There are a few possible therapeutic avenues under research that may help treat Sanfilippo syndrome in the future. One such avenue is enzyme-replacement therapy, where the child is injected with an infusion of the enzyme they can’t produce — which allows them to metabolize heparan sulfate until the next injection.

Another possible treatment is gene therapy, which provides the child with a working gene to replace the previous one. After that, their body has the ability to metabolize heptane sulfate on its own.

These procedures are still under investigation so they may not be available in the near future. In the meantime, check with a specialist if you suspect that your child has Sanfilippo syndrome symptoms.

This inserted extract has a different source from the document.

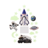 Proměňte dětský pokoj v malou galaxii! Sada obsahuje svítící hvězdy, planety a další vesmírné motivy, které se po nasvícení ve tmě rozzáří a vytvoří kouzelnou atmosféru. Ideální pro malé objevitele, pomáhá uklidnit se před spaním a zútulnit prostor.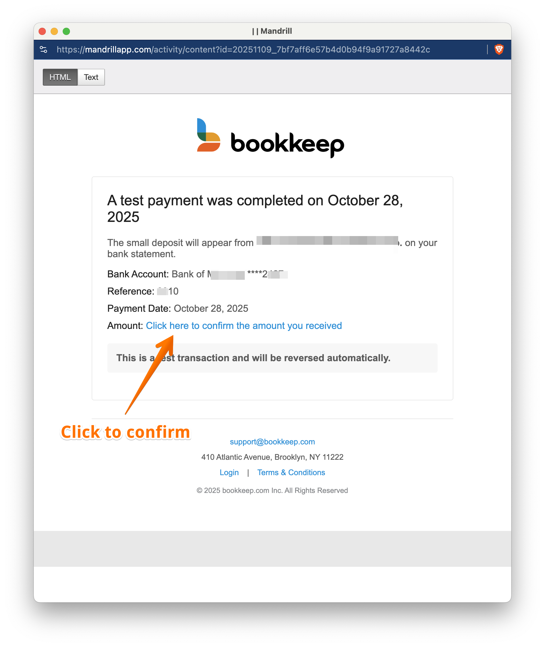 Click the "Verify Test Payment" button or link in the email. This will take you to the verification page on the BK Nozap platform.

Sanfilippo syndrome can’t be prevented, but you can try to minimize risks by checking your family history. Your child is at risk of getting Sanfilippo syndrome if both you and your partner carry the affected gene. Another good way of minimizing Sanfilippo syndrome risk as much as possible is to check if your newborn screening has a relevant test for it. While most don’t, there are a few private ones you can order online that include it.

If your child is diagnosed as having Sanfilippo syndrome, get in contact with a specialist as soon as you can. Specific symptoms of this disease can be treated to improve your child’s quality of life.

Yet, because it’s such a rare condition, you might find it difficult to find experts on this topic. In that case, specialized organizations like Cure Sanfilippo Foundation and Team Sanfilippo may be of great help.